一向に薬物依存症から抜け出す気配を見せない家族を目の当たりにすると、自分自身のことを、何の役にも立たない人、あるいは存在価値のない人であると感じることもしばしばです。薬物依存症の当の本人は、薬を手に入れるために、脅したり、暴力を奮い、同じ血のつながった家族と思わないかもしれません。薬物依存症の家族を気にかけること、世話することは、肉体的にも精神的にも過酷なものなのです。

大切な家族が、自分に問題があることを受け入れ、薬物依存を止めると決意したとしても、実際に薬物を止め、症状が軽減し、回復に向かうまでの期間を問題なく過ごすために、家族の助けが必要になります。その過程も、四六時中、心労やいら立ちに襲われ、その身に降りかかるストレスの大きさは計り知れません。
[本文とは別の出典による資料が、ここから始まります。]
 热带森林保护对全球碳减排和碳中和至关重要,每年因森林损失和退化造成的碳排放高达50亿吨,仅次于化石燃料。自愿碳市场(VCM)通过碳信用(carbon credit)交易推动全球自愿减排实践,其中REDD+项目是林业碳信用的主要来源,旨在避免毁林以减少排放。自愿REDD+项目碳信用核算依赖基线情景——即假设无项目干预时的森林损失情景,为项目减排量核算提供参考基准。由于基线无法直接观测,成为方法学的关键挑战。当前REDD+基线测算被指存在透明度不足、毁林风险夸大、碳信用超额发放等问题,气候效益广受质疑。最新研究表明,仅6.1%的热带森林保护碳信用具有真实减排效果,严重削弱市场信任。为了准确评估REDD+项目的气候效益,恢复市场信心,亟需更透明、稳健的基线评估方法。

時には、丁寧に心を込めて世話をすることが、家族をダメにすることもあります。辛い現実ですが、大切な人を救いたいと思いが逆効果となることもあるのです。

だからこそ、支援団体、専門家に相談し、レクチャーを受けたうえで、適切なサポートを行ってください。同じ苦しみを経験している人たちと対話し、参考になる意見を聞いたり、辛いことを吐露してください。

薬物依存症の家族に「常識」は通用しません。自分ひとりで悩んでも絶対に解決しません。専門家の助け、同じ境遇の人たちとのふれあいが必要です。
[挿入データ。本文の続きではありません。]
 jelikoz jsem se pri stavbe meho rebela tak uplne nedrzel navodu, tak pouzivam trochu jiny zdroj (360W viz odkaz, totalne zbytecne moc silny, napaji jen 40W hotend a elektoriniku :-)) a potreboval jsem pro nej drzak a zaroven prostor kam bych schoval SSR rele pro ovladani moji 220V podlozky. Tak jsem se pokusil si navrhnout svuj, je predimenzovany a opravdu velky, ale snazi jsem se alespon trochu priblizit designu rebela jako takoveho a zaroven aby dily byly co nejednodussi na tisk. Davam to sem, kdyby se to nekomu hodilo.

おわりに ~もし家族が薬物依存になってしまったら・・・~

家族だからといって、薬物依存に陥った本人のことを一番よく知っているわけではありません。薬物依存者は、家族が知っている本人とは「別人」です。

家族には本人の薬物を止めさせる力はありません。やめさせたい思いで頭がいっぱいでも、本人の思いは、その真逆です。

やめる気が起こるのは、本人がその気になる時だけです。他人の行動をコントロールすることは出来ません。必要なのは、家族自身が「ただしく」行動することです。